Lung tissue sample and BALF

Human lung tissue sections were obtained from the lung tissue biorepository at the University of Alabama at Birmingham as per the IRB protocols and guidelines. “Never’” smokers (n = 9) without COPD with no smoking history were selected as control subjects for the study. The test subjects were “ever” smokers (n = 13), with a past history of smoking (range of 15–25 pack years of smoking) and with COPD (Fig. 1a). Participants were categorized as non-COPD control and COPD based on the Global Initiative for Chronic Obstructive Lung Disease (GOLD)-2017 criteria, with predicted ratio of postbronchodilator forced expiratory volume in 1 s (FEV1) to forced vital capacity < 70% and FEV1 < 80%16. Bronchoalveolar lavage fluid (BALF) was collected from non-COPD (n = 1) and COPD (n = 1) subjects. BALF fluid collected was centrifuged to pellet the cells. Cells were suspended in PBS, counted and diluted for seeding on the glass slide using cytospin. Cells seeded on glass slide were fixed in acetone and stored in − 20 °C until further use. For ANO1 expression analysis these slides were stained with ANO1 specific antibody. Images obtained are provided in the figure sections. All experiments were performed with relevant guidelines of the protocol approved by the institutional Review Board from The University of Alabama at Birmingham, affiliated hospital. Informed consent was obtained from all subjects and/or their legal guardian(s).

Figure 1
figure 1

ANO1 expression in COPD. (a) Patient demographics with age range and smoking status. (b) Non-smoker healthy control (non-COPD) and smokers with COPD (COPD) lung tissue sections stained for ANO1. (c) Bronchoalveolar lavage fluid (BALF) derived cells stained for ANO1. Insets show ANO1 staining in airway epithelial cells. × 20 magnification.

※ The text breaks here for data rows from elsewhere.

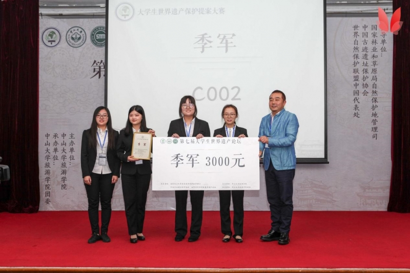 经过评委们客观公正的评选,本次大赛获奖队伍产生,来自暨南大学的追霞者队勇夺桂冠,来自中山大学的世界遗产拯救者队荣获亚军,来自北京师范大学的香如故队获得季军,同时世界遗产拯救者队还获得了最佳人气奖。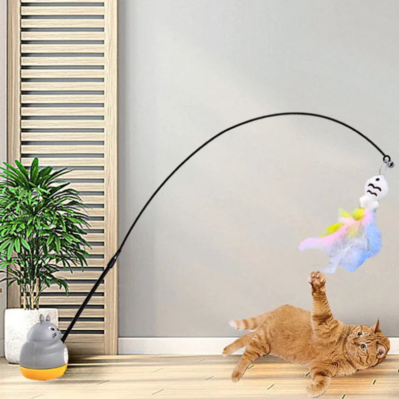 Chinchilla cat funny cat stick steel wire long pole feather cute cat toy kitten fishing rotating self-pleasure relief pet toy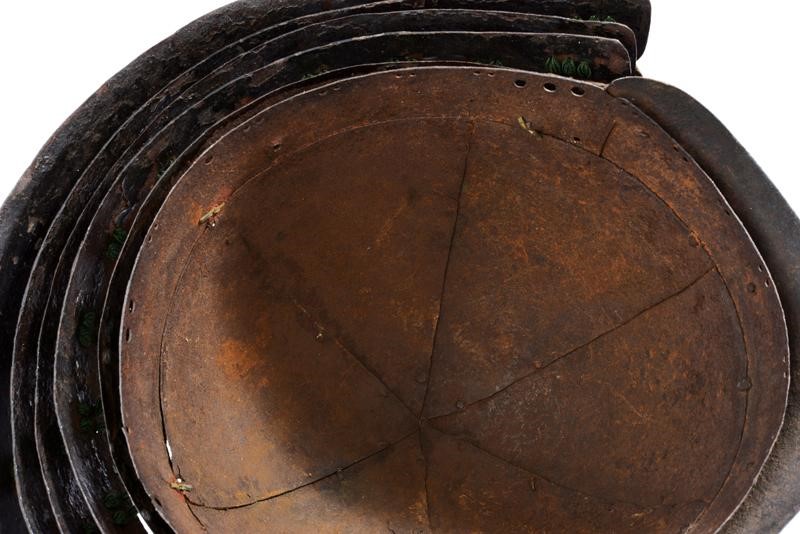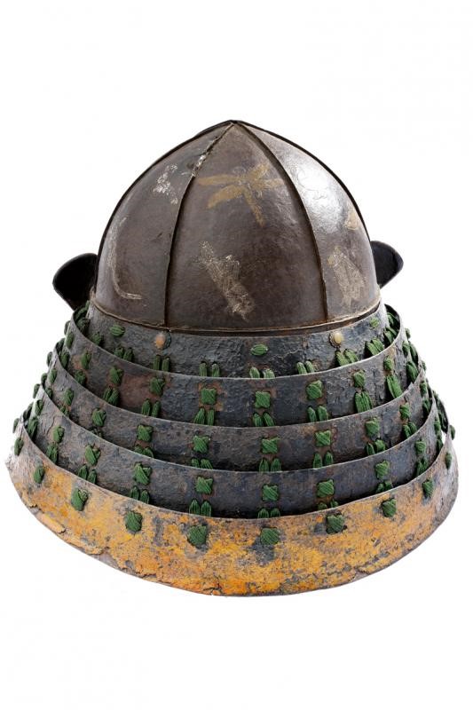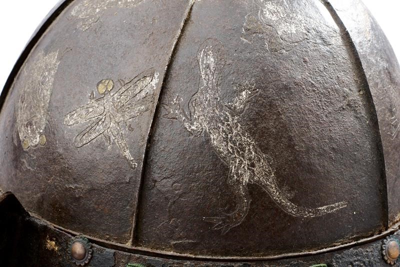 Hachi in ferro a sei piastre decorate con animali rimessi in argento, rame e ottone. Shikoro a 5 lame in lacca nera, l'ultima in lacca oro come pure i piccoli Fuchigaeshi. Allacciatura in seta verde nello stile sugake.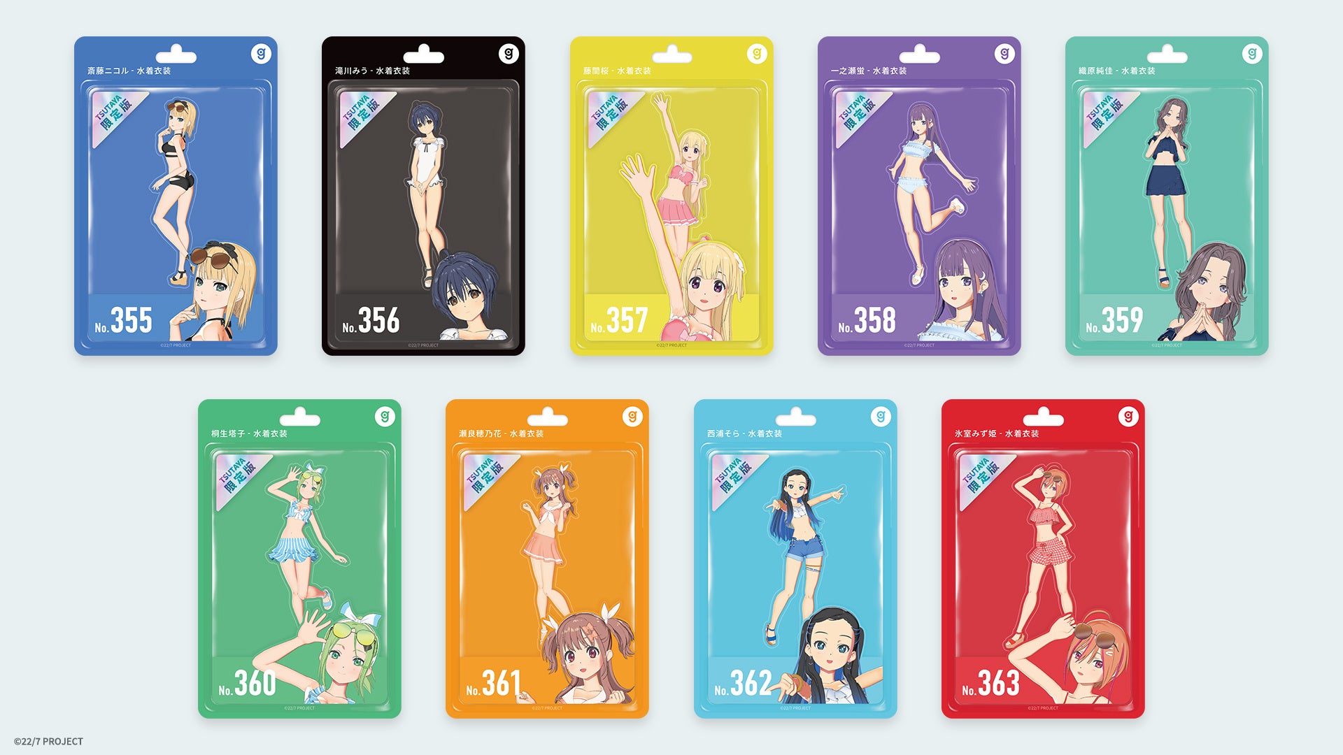 斎藤ニコル (水着衣装)/滝川みう (水着衣装)/藤間桜 (水着衣装)/一之瀬蛍 (水着衣装)/織原純佳 (水着衣装)/桐生塔子 (水着衣装)/瀬良穂乃花 (水着衣装)/西浦そら (水着衣装)/氷室みず姫 (水着衣装) 全9種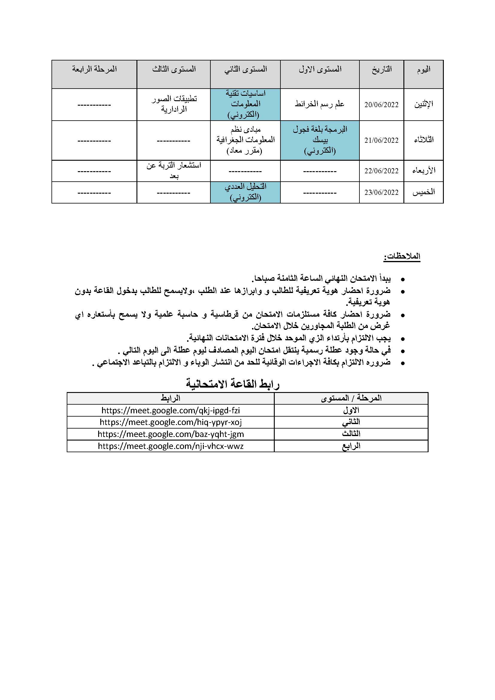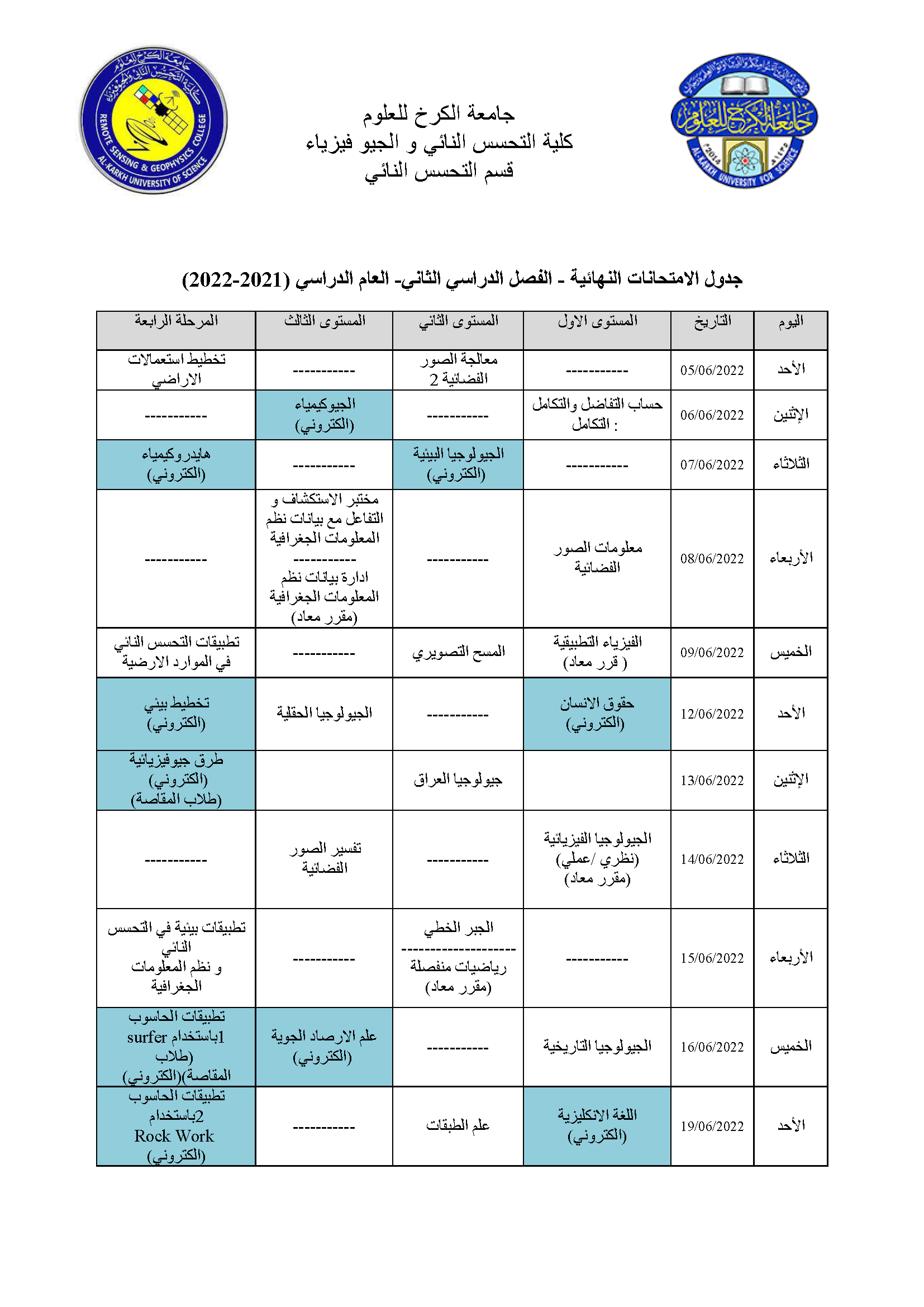 اعلان هام جداول امتحان قسم التحسس النائي Categories لوحة الاعلانات Date مايو 26, 2022 جداول الامتحانات النهائية للفصل الدراسي الثاني / للعام الدراسي 2022/2021 لطلبة قسم التحسس النائي في كليتنا للمستويات كافة – الاول – الثاني – الثالث – الرابع للدراسة الصباحية والمسائية . Share: admin6342 Previous post زيارة تفقدية لطلبة الاقسام الداخلية التابعة لكليات جامعة الكرخ للعلوم مايو 26, 2022 Next post اعلان هام جداول امتحان قسم الجيوفيزياء مايو 26, 2022 You may also like إعلان هام | إطلاق جدول مراقبات امتحانات الدراسات العليا 18 ديسمبر, 2025 كلية التحسس النائي والجيوفيزياء تعلن نتائج القبول الأولي للمتقدمين إلى الدراسات العليا للعام الدراسي 2025–2026 10 يوليو, 2025 إعلان أسماء المشمولين بأداء الامتحان التنافسي للعام الدراسي 2025–2026 22 يونيو, 2025

Immunohistological analysis

Tissue sections were de-paraffinized, hydrated, and after antigen retrieval, the endogenous peroxidase activity was inhibited by incubating the sections with hydrogen peroxide for 8 min. The slides were then treated with primary antibodies—rabbit polyclonal ANO1 (PA5-78778 1:500; Invitrogen, Thermo Fisher Scientific Inc., USA), for 2 h after treating sections with 3% bovine serum albumin for 20 min. Slides were washed and incubated in anti-rabbit HRP conjugated secondary antibodies at room temperature. Antigen was visualized with the InnovaRed visualization system as per the manufacturer’s protocol. All incubations were carried out at room temperature and the sections were thoroughly washed in-between incubations. Similarly, BALF derived cells seeded on glass slide were stained for ANO1 expression. Microscopy was performed using Keyence microscope (Keyence, USA) and images were taken at × 20 magnification.

In silico analysis

List of miRNAs interacting with mRNA of ANO1 were recognized from miRNA information web-based softwares—PicTar, miRDB and TargetScan. Common miRNAs were identified, and target miRNA was selected based on interaction with ANO1 and were not affecting upstream epigenetic regulators (EZH2, SUZ12, E2F1, etc.). miR-381 was found to be interacting with all the transcripts of ANO1.

Cell culture

Normal human airway epithelial cells (NHBECs, Lonza, Walkersville, MD) and primary human airway epithelial cells from subjects with COPD (CBECs, Lonza, Walkersville, MD) were obtained and maintained in bronchial growth medium (BEGM) from Lonza (Lonza, Walkersville, MD). For air–liquid interface (ALI) culture 24 mm-trans well inserts (Corning Costar Corporation, Cambridge, MA) were coated with collagen I, rat tail (Corning, Bedford, MA). Cells were seeded on these collagen-coated inserts at a density of 5 × 105 cells/insert/well and maintained in PneumaCult Ex Plus media (Stemcell Technologies Inc, Cambridge, MA). Cells were provided fresh expansion media every day for 5–7 days in apical and basal chambers. Later media was removed from the apical chamber and differentiation media (PneumaCult-ALI Medium, Stemcell Technologies Inc, USA) was added to the basal chamber and cultures were maintained for 28 days. Every second day, the media was changed in the basal chamber and the apical region was washed with 1× PBS17,18. Supplementary Fig. 1 demonstrates the presence of ciliated (acetylated tubulin) airway epithelial cells in the ALI cultures. Cell cytotoxicity (MTT assay) was performed for the serially diluted CdCl2 solution for the epithelial cells (Supplementary Fig. 2). Cells were exposed to different concentrations (0.1, 0.5 and 1 µM) of low dose cadmium for 24 h provided in the form of CdCl2. Cultures were maintained for 14 days. Experiment was performed in triplicates. Membranes from the trans-well inserts were harvested and sectioned for subsequent analysis. For immunofluorescence staining inserts were fixed with 4% PFA overnight at 4 °C and rest of the sections were processed for protein and RNA isolation.

Cell transfections

For transfection of NHBECs and CBECs cells with miR-mimic, negative control and inhibitor (Millipore Sigma) previously discussed protocol was followed9. Briefly, cells were grown in 6 well plates until 50–60% confluence was reached. miR-381 mimic, 5ʹ-UAUACAAGGGCAAGCUCUCUGU-3ʹ (MISSION microRNA mimic, Human, Milipore Sigma), miR-381 inhibitor (#HSTUD0174, MISSION® Synthetic microRNA Inhibitor, Human, Milipore Sigma, USA) or negative control (miR-mimic negative control) oligonucleotides were transfected into cells using Lipofectamine 2000 (Thermofisher Scientific, Inc.) according to the manufacturer’s protocol. Expression of miR-381 was estimated in transfected cells.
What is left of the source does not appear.